I have had several PMs and direct questions about my theory with R44 crashes and I have been waiting for the report to be released. For all of those who use the mantra "Wait for the report" what do you do if the report is not released? I am not totally aware of the legal implications of releasing information before the report is released, but given the time which has elapsed, I see no alternative. However, I shall couch my comments in the terms I gave to the IIC and the comments already released by the NTSB. I will NOT preempt the IIC's conclusions.
Firstly Aaarj, bits DO fall of helicopters if there is a structural failure. This was the case here.
I do need to do a bit of posterial tin plate protection so I here quote the NTSB assessment at A08_25_29_Recommendation in relation to DQ-IHE.

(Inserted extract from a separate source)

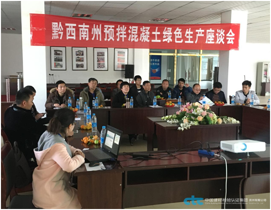 2017年3月15日,中國建材檢驗認(rèn)證集團(tuán)貴州有限公司與黔西南州預(yù)拌混凝土協(xié)會聯(lián)合開展了黔西南州預(yù)拌混凝土綠色生產(chǎn)座談會,會上中國建材檢驗認(rèn)證集團(tuán)貴州有限公司專家介紹了預(yù)拌混凝土行業(yè)發(fā)展的方向以及轉(zhuǎn)型升級的需求。

The fracture faces in the remaining portions of the adhesive bond joints showed mixed cohesive and adhesive failure fracture features with a large percentage of adhesive failure, indicating that the bond strength deteriorated after the blade was manufactured.
Further
The Safety Board has determined that the adhesive fractures in the main rotor blade from the Fiji accident helicopter propagated from the blade tip and leading edges and cannot rule out the possibility that the in-flight breakup was initiated by a bond failure at the tip of the blade.
Adhesive failure fracture features result from a dissociation of the chemical bonds at the interface due usually to hydration of the oxide layers on metallic adherends. All epoxy (any polar molecule) will absorb atmospheric moisture and that provides the water necessary for hydration. Hydration resistance is controlled by surface preparation at the time of manufacture. In every case, adhesive (more correctly adhesion) failures result in very weak bonds and in the extreme can result in negligible bond strength. They are time dependent, with strength decaying exponentially from the time of manufacture.
I then refer you to my paper:
http://www.adhesionassociates.com/pa...0Explained.pdf
Note that some of the pictures are of a specific failed R44 blade.
This paper explains the significance of mixed-mode failures. These result when the interface has commenced degradation, but at some time a sufficiently high load is applied which results in joint failure. If such joints had not experienced that higher load, then they would maintain apparent integrity. The longer they are in service, the lower the failure load needs to be. Mixed-mode failures are in fact clear evidence that the bond strength has degraded below that at the time of manufacture.
Now, currently blade integrity is managed by an AD which requires frequent inspection. What did the NTSB say about tap testing?
The Safety Board is concerned that tap testing is not adequate for detecting bond defects in critical bond joints of the main rotor blade, such as areas between the skin and spar at the tip of the blade and between the skin and tip cap. The intact main rotor blade from the Fiji helicopter was tap tested on site and at the Safety Board’s Materials Laboratory. Neither tap test detected the 0.5-inch debond area that was visually detected at the tip of the intact Fiji blade.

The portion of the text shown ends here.